29 October 2021 - - US-based clinical-stage biopharmaceutical company Reata Pharmaceuticals, Inc. (NASDAQ: RETA) has submitted a Marketing Authorization Application for bardoxolone methyl to the European Medicines Agency for the treatment of patients with chronic kidney disease caused by Alport syndrome, the company said.

This MAA submission is based on the efficacy and safety data from the CARDINAL Phase 3 clinical trial.

This submission follows the acceptance for filing by the US Food and Drug Administration of the company's New Drug Application for the treatment of CKD caused by Alport syndrome in the US with a Prescription Drug User Fee Act date of February 25, 2022.

Alport syndrome is a rare, genetic form of CKD caused by mutations in the genes encoding type IV collagen, which is a major structural component of the glomerular basement membrane in the kidney. Alport syndrome affects both children and adults.

The kidneys of patients with Alport syndrome progressively lose the capacity to filter waste products out of the blood, which can lead to end-stage kidney disease and the need for chronic dialysis treatment or a kidney transplant.

In patients with the most severe forms of the disease, approximately 50% progress to dialysis by age 25, 90% by age 40, and nearly 100% by age 60.

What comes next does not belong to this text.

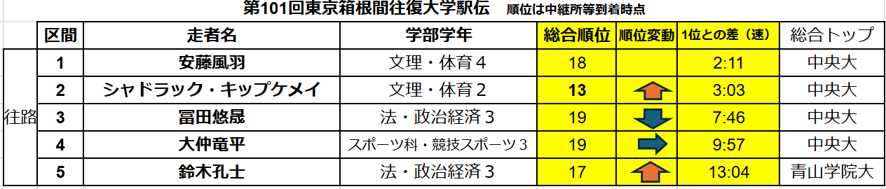 4区はエントリーしていた高田真朋(スポーツ科2=宮崎日大高)が当日に高熱を出したため、当日変更で副主将の大仲竜平(同3=沖縄・北山高)が出走。徐々に順位を上げ区間17位で5区へ。

According to the Alport Syndrome Foundation, Alport syndrome affects approximately 30,000 to 60,000 people in the United States.

There are currently no therapies approved to treat CKD caused by Alport syndrome.

Bardoxolone is an investigational, once-daily, orally administered activator of Nrf2, a transcription factor that induces molecular pathways that promote the resolution of inflammation by restoring mitochondrial function, reducing oxidative stress, and inhibiting pro-inflammatory signaling.

The FDA has granted Orphan Drug designation to bardoxolone for the treatment of Alport syndrome and autosomal dominant polycystic kidney disease. The European Commission has granted Orphan Drug designation in Europe to bardoxolone for the treatment of Alport syndrome.

In addition to the CARDINAL Phase 3 study for the treatment of CKD caused by Alport syndrome, bardoxolone is currently being studied in FALCON, a Phase 3 study for the treatment of CKD caused by ADPKD, MERLIN, a Phase 2 study for the treatment of patients with CKD at risk of rapid progression, and AYAME, a Phase 3 study for the treatment of diabetic kidney disease that is being conducted by our licensee, Kyowa Kirin Co., Ltd., in Japan.

Bardoxolone treatment has produced positive results in Phase 2 studies in patients with CKD caused by ADPKD, IgA nephropathy, focal segmental glomerulosclerosis, and type 1 diabetes.

Kyowa Kirin submitted an NDA in Japan to the Ministry of Health, Labour and Welfare for bardoxolone for improvement of renal function in patients with Alport syndrome, and the application is currently under review.

Reata is a clinical-stage biopharmaceutical company that develops novel therapeutics for patients with serious or life-threatening diseases by targeting molecular pathways involved in the regulation of cellular metabolism and inflammation.

Reata's two most advanced clinical candidates, bardoxolone and omaveloxolone, target the important transcription factor Nrf2 that promotes the resolution of inflammation by restoring mitochondrial function, reducing oxidative stress, and inhibiting pro-inflammatory signaling.